━━━━━ DATA SHOWN ━━━━━
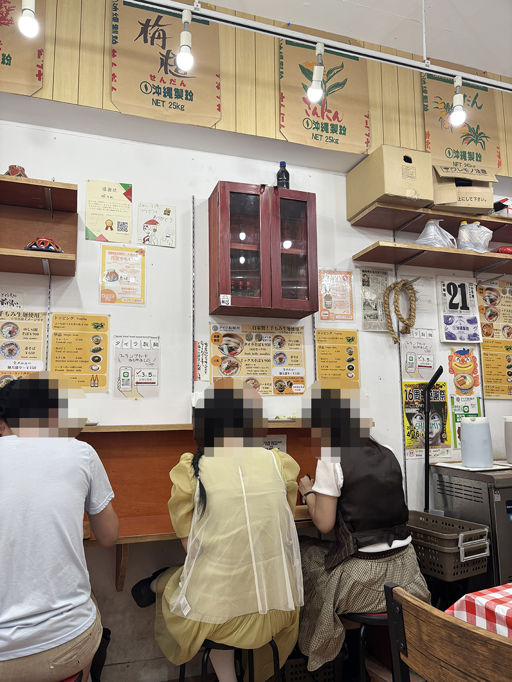 타이라 제면소의 가게 내부입니다. 한국인 관광객들이 오키나와 소바를 맛있게 먹고 있습니다.
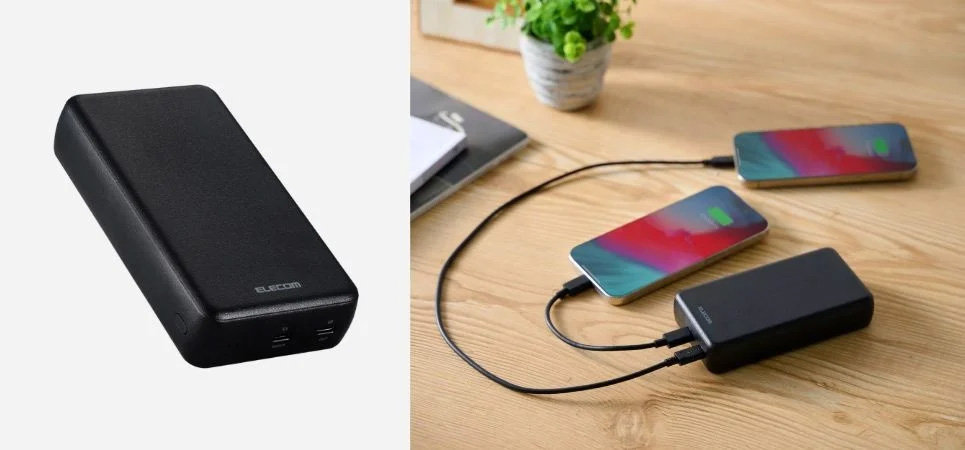 エレコムから2万mAhのモバイルバッテリー USB Type-Cポートで2台同時充電OK
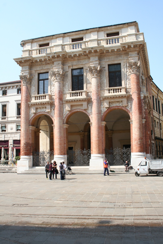 Basilica Palladiana, c.1546-1549, Vicenza, Italy. Originally built in the 1400s as the Palazzo (palace) della Ragione. This is one of the first of young Andrea Palladio’s commissions, to restore the ailing Gothic structure with a new loggia, portico, and classical figures, essentially hiding the original building. This is one of Palladio’s first (if not the first) incorporation of his so-called Palladian (or Serlian) window. This feature includes a central round-arched arcade flanked by two rectangular openings and classical columns. This form would become immensely popular throughout the next several centuries, and still shows up on 21st-century buildings.
━━━━━
What is needed is an exact copy of the lines from the one with "エレコムから2万mAhのモバイルバッテリー USB Type-Cポートで2台同時充電OK" through the end of the data above, both included, minus any pictures.

▶ **RESULT BELOW**:
 エレコムから2万mAhのモバイルバッテリー USB Type-Cポートで2台同時充電OK
 Basilica Palladiana, c.1546-1549, Vicenza, Italy. Originally built in the 1400s as the Palazzo (palace) della Ragione. This is one of the first of young Andrea Palladio’s commissions, to restore the ailing Gothic structure with a new loggia, portico, and classical figures, essentially hiding the original building. This is one of Palladio’s first (if not the first) incorporation of his so-called Palladian (or Serlian) window. This feature includes a central round-arched arcade flanked by two rectangular openings and classical columns. This form would become immensely popular throughout the next several centuries, and still shows up on 21st-century buildings.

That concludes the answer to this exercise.